**Data block**
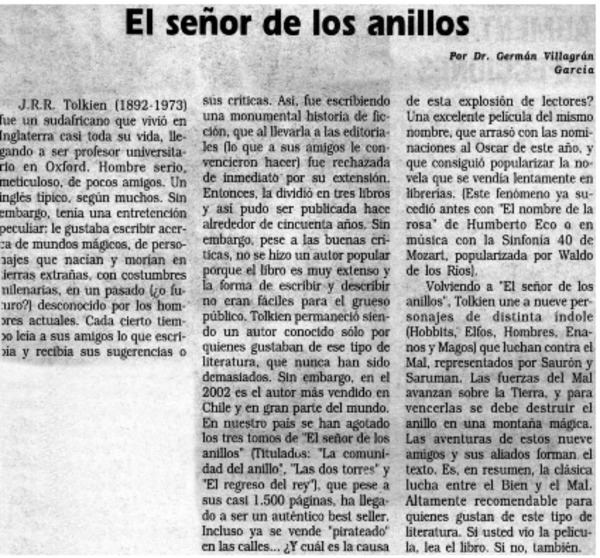 Tolkien arrasa entre los jóvenes [artículo] ENC.
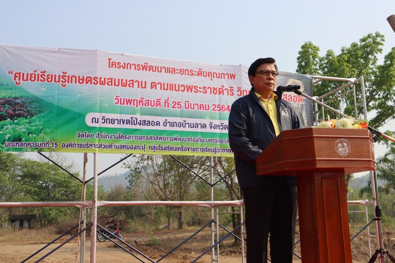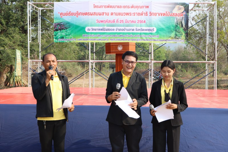 ตามที่มหาวิทยาลัยราชภัฏเพชรบุรี ได้ดำเนินยุทธศาสตร์การพัฒนาท้องถิ่นตามพระบรมราโชบาย ตลอด 2 ปีที่ผ่านมาได้พัฒนาชุมชนต้นแบบ จำนวน 48 หมู่บ้าน ที่สามารถพึ่งพาตนเองและขยายผลไปสู่ชุมชนอื่นได้อย่างเป็นรูปธรรม ในปี 2564 โดยนโยบายของสภามหาวิทยาลัยและดำริของท่านอธิการบดีในปีนี้ให้ใช้พื้นที่วิทยาเขตโป่งสลอดเป็นศูนย์เรียนรู้ เพื่อถ่ายทอดองค์ความรู้ให้กับประชาชนและผู้ที่สนใจ ดังนั้น คณะผู้ดำเนินงานจึงได้จัดทำโครงการพัฒนาและยกระดับศูนย์เรียนรู้เกษตรผสมผสานตามแนวพระราชดำริ วิทยาเขตโป่งสลอด โดยจัดทำในกิจกรรมที่เรียกว่า เดินตามรอยเท้าพ่อ สานต่อความพอเพียง มีวัตถุประสงค์ ดังต่อไปนี้
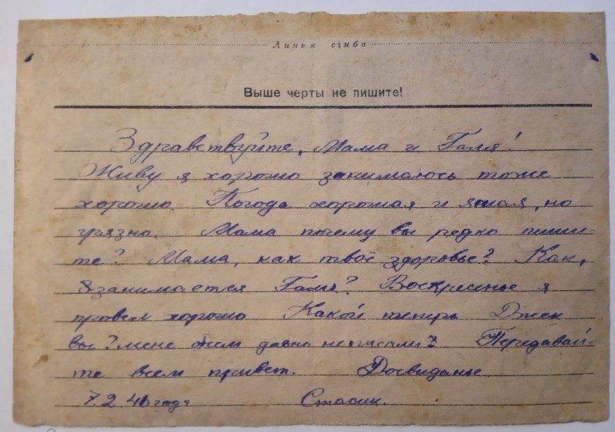 Здравствуйте, Мама и Галя! Живу я хорошо занимаюсь тоже хорошо. Погода хорошая и ясная, но грязно. Мама почему вы редко пишите [^пишете]? Мама, как твое здоровье? Как, занимается Галя? Воскресенье я провел хорошо. Какой теперь Джек вы? мене [^мне] писем давно не писали. Передавайте всем привет. Досвидание [^До свидания]. {7.2.46 года. Стасик}

**How to complete this task**
Where the line containing "สานต่อความพอเพียง มีวัตถุประสงค์ ดังต่อไปนี้" appears, begin writing out the lines word for word, and continue through the last line of the data, leaving out pictures.

**Reply to the exercise**
 ตามที่มหาวิทยาลัยราชภัฏเพชรบุรี ได้ดำเนินยุทธศาสตร์การพัฒนาท้องถิ่นตามพระบรมราโชบาย ตลอด 2 ปีที่ผ่านมาได้พัฒนาชุมชนต้นแบบ จำนวน 48 หมู่บ้าน ที่สามารถพึ่งพาตนเองและขยายผลไปสู่ชุมชนอื่นได้อย่างเป็นรูปธรรม ในปี 2564 โดยนโยบายของสภามหาวิทยาลัยและดำริของท่านอธิการบดีในปีนี้ให้ใช้พื้นที่วิทยาเขตโป่งสลอดเป็นศูนย์เรียนรู้ เพื่อถ่ายทอดองค์ความรู้ให้กับประชาชนและผู้ที่สนใจ ดังนั้น คณะผู้ดำเนินงานจึงได้จัดทำโครงการพัฒนาและยกระดับศูนย์เรียนรู้เกษตรผสมผสานตามแนวพระราชดำริ วิทยาเขตโป่งสลอด โดยจัดทำในกิจกรรมที่เรียกว่า เดินตามรอยเท้าพ่อ สานต่อความพอเพียง มีวัตถุประสงค์ ดังต่อไปนี้
 Здравствуйте, Мама и Галя! Живу я хорошо занимаюсь тоже хорошо. Погода хорошая и ясная, но грязно. Мама почему вы редко пишите [^пишете]? Мама, как твое здоровье? Как, занимается Галя? Воскресенье я провел хорошо. Какой теперь Джек вы? мене [^мне] писем давно не писали. Передавайте всем привет. Досвидание [^До свидания]. {7.2.46 года. Стасик}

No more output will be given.